How To Flip the Narrative About Transgender Children

child with long hair dancing with inclusive pride flag

How to flip the current narrative about transgender children. I have been thinking about this a lot lately. We cannot open the news without seeing a piece of transphobic legislation or news story. When visiting parent forums online, I notice fear is the predominant emotion being shared—fear for their child’s wellbeing, safety, access to healthcare, and their general future. I speak with parents applying for visas in other countries or moving within the United States. It’s time we learn how to flip the narrative about our transgender children.

For instance, I was thrilled to see many vital voices take a stand against the hateful barrage of New York Times articles published for too long. I am glad they finally mustered the courage to go against such a pillar of journalism. To clarify, it took too long.

Any apology or retraction by the New York Times will be a day late and a dollar short if they even apologize for their transphobic journalism.  The lies are truth in the minds that want to believe them. This hateful rhetoric has been occurring in our local school board meetings and with legislators. The constant drumbeat of othering has done irreparable harm to our community. It is unacceptable.

Recently, I listened to an incredible podcast, White Lies from NPR, which recounts the events surrounding the murder of Rev. James Reeb and Bloody Sunday in Salma, Alabama, in 1965. One of my many takeaways from listening was that those surrounding the perpetrators were complicit in lying. They know the stories are lies. They knew who had committed the crime and chose not to speak up. This is the same thing that is happening today to the transgender community. Whether they be talking heads, journalists, preachers, or priests, the lies being spread about our children are criminal. And I promise you they are leading to increased anxiety, depression, and suicide in our transgender community.

If you are the parent of a transgender person, how many of your Facebook friends support your posts that support your child? In my world, I notice that I can post about a vacation or school achievement and have hundreds of likes. But when I post that trans people are more important than Harry Potter, I hear crickets; when I post about the injustices faced by harmful legislation harming my child or family, very few show support other than my fellow parents and a few vocal supporters.

Being visible and vocal are uncomfortable places to be for some. If our cis, heterosexual, privileged friends and family are not willing to stand up and support our kids, do we have any hope? I’m not sure. Further, what I know is that it is unacceptable to place the burden of standing up for the civil rights of our children on our children. Above all, it is intolerable to think that we would put the onus of fighting for bathroom equality solely on those who must worry about going to the bathroom and assault. It is time for those who love and support the transgender community to display their support.

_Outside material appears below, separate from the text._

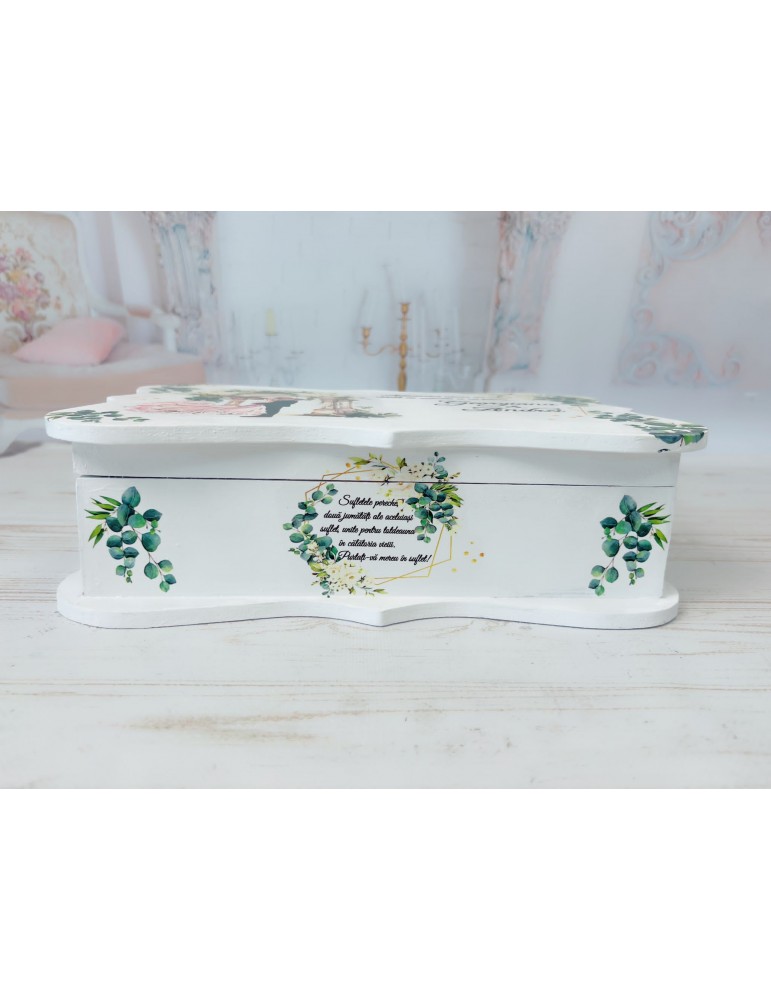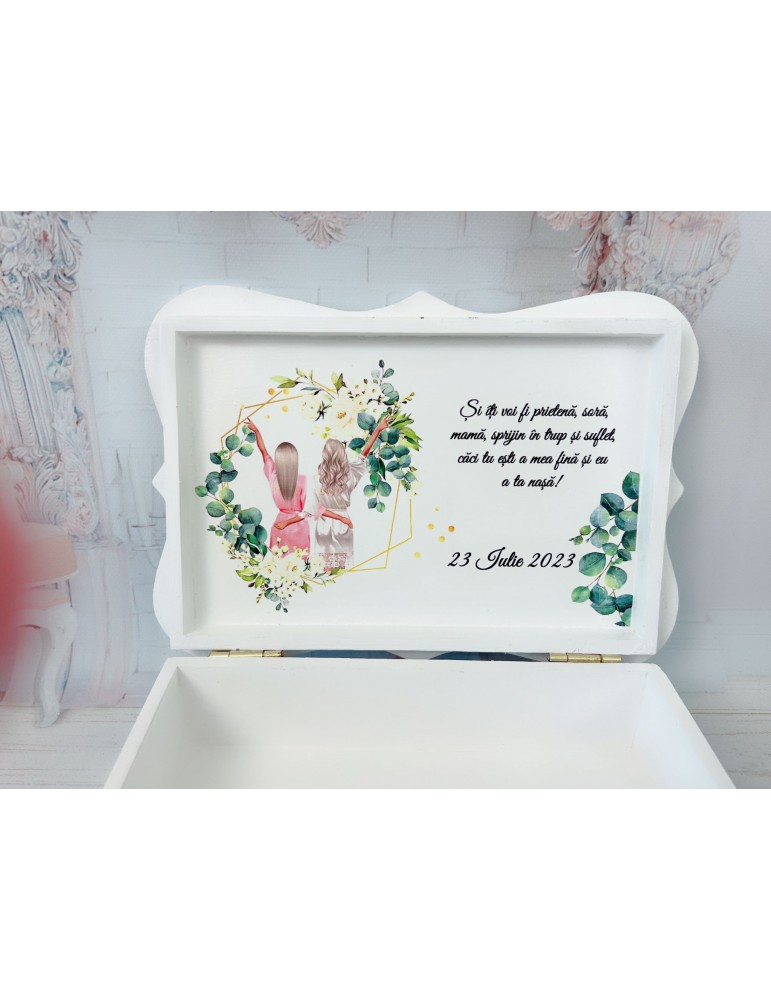 Descoperă cutia perfectă pentru bijuteriile unei mirese! Această cutie elegantă și personalizată este ideală pentru a păstra amintirile și accesoriile prețioase ale zilei de nuntă. Realizată din materiale de calitate, cutia pentru bijuterii mireasă adaugă un plus de rafinament și sofisticare oricărei ceremonii. Personalizarea sa unică face din acest cadou un suvenir deosebit, care va rămâne o amintire prețioasă pentru mireasă. Alege această cutie personalizată pentru a oferi un dar special și memorabil, care va adăuga o notă de magie zilei celebrei!
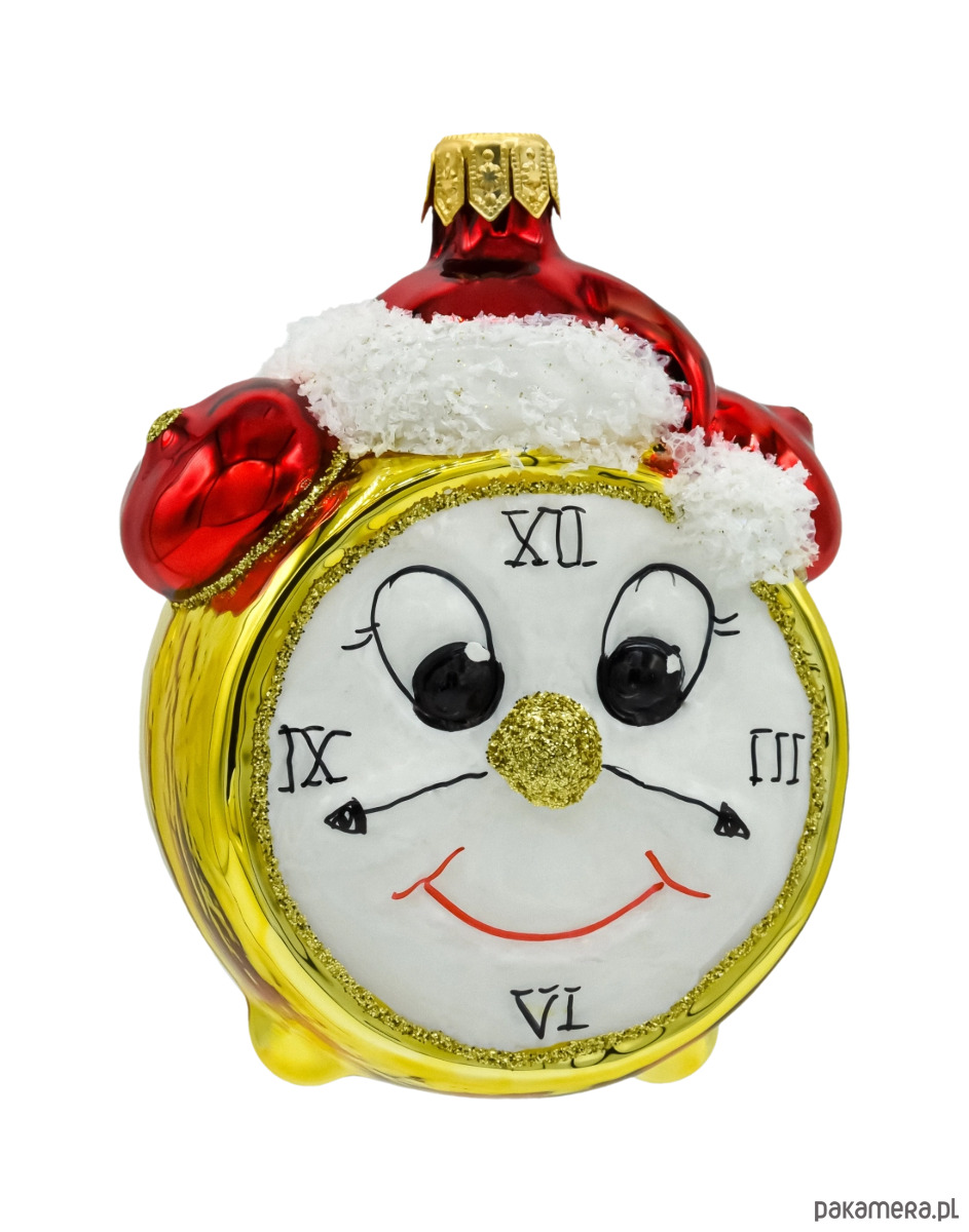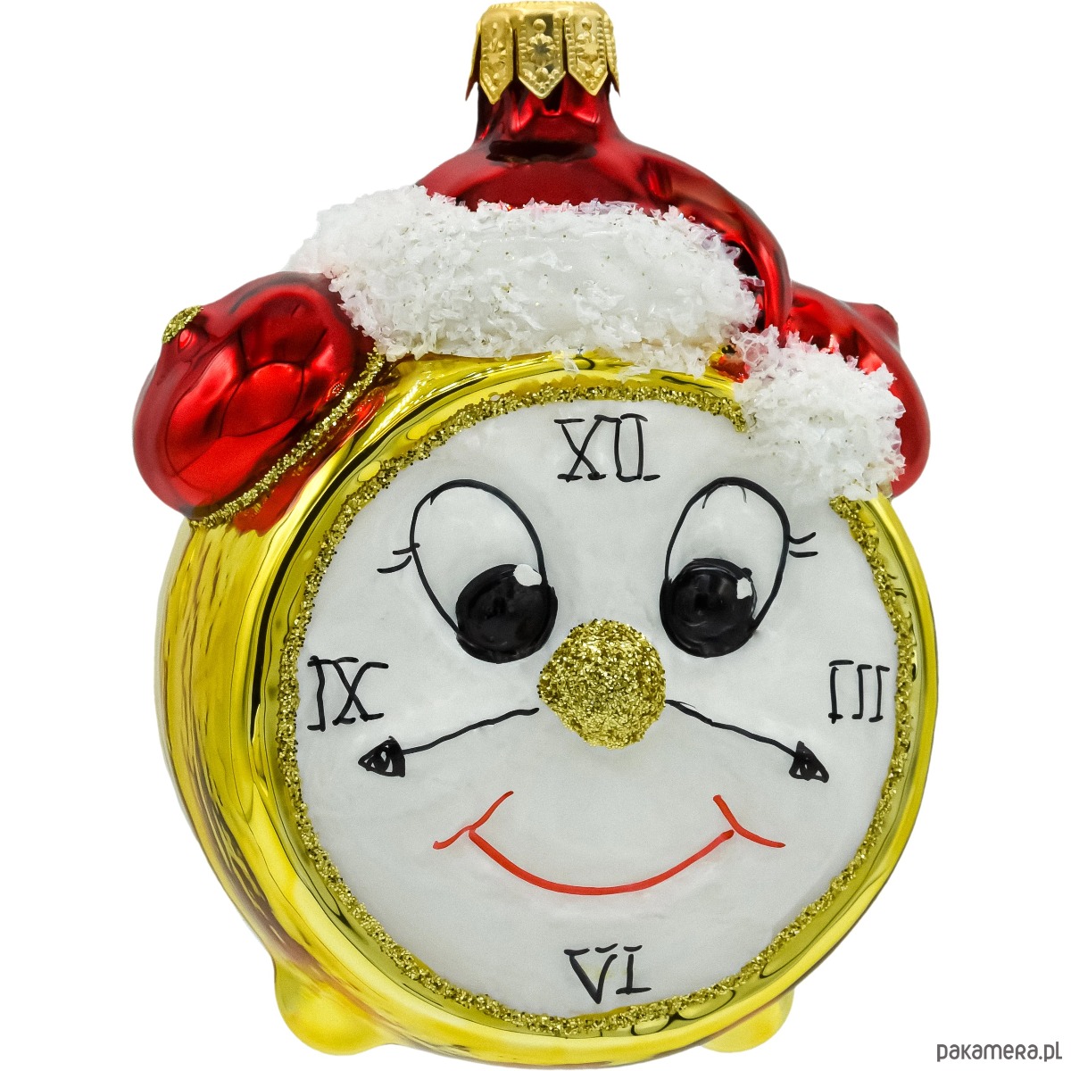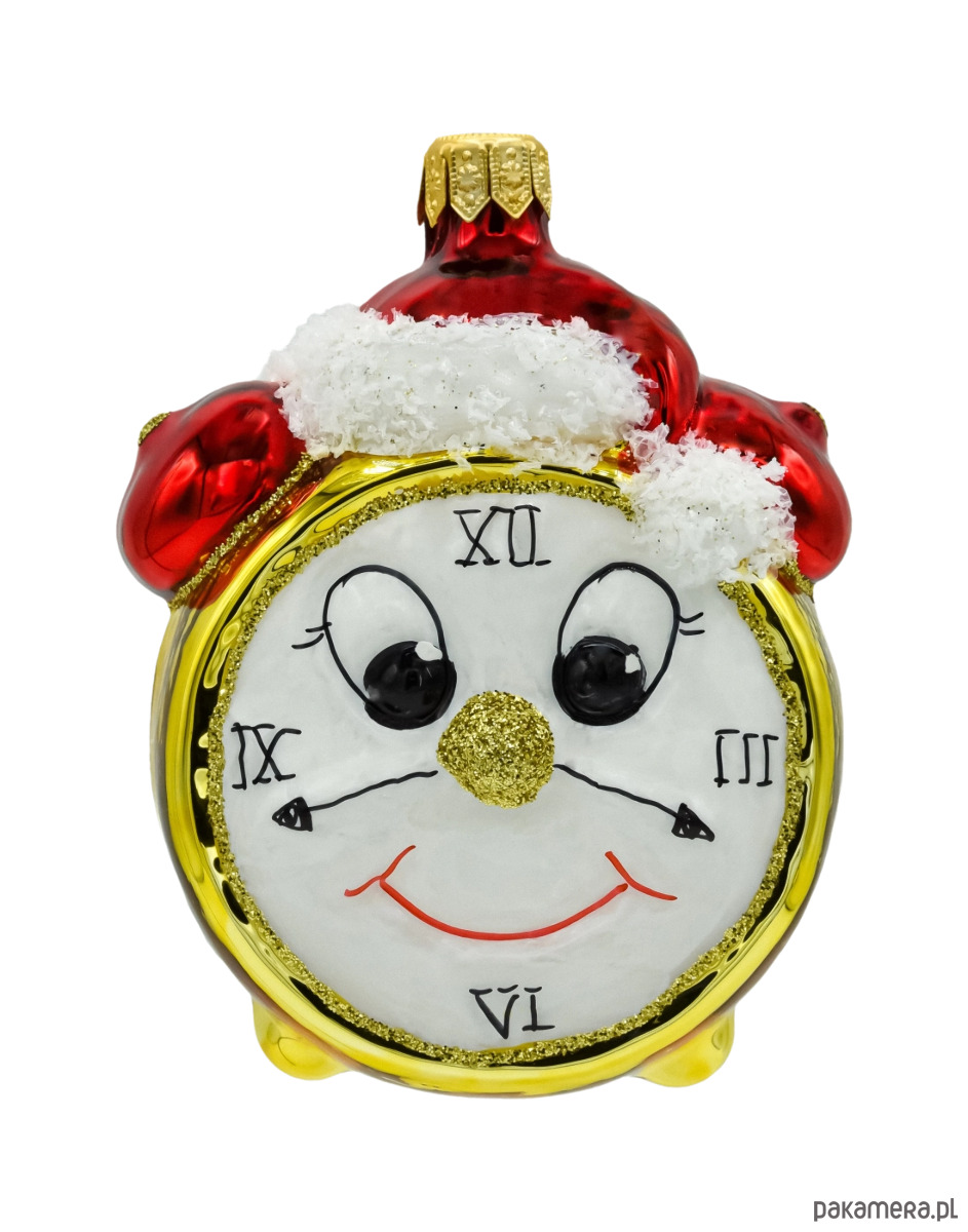 Bombka została wykonana ze szkła dmuchanego i ozdobiona brokatem w odcieniach złota, czerwieni i bieli. Czapeczka zegarka stylizowana jest na czapkę Świętego Mikołaja, co dodatkowo podkreśla świąteczny charakter ozdoby. Złote detale i opalizujące wykończenie dodają całości blasku i elegancji, dzięki czemu bombka idealnie komponuje się zarówno na klasycznej choince, jak i w nowoczesnych aranżacjach.

Narwhal Magic Kindness is giving away window clings to anyone who wants to show support for the community. Use the word KINDNESS at checkout to receive a cling for your home, car, or place of business. We offer the clings free of charge to teachers, schools, and doctor’s offices; reach out to us. Another idea is to copy the following creative and paste it into your FaceBook or Instagram account. Ask your friends and family to like and share your post.

How do we flip the narrative about transgender children? In short, with your support. For those who love our children and the transgender, non-binary, and gender-expansive community, I implore you to start being visible. The hateful rhetoric will only worsen as we cycle into the next Presidential election. Above all, we need your support; our children need your protection.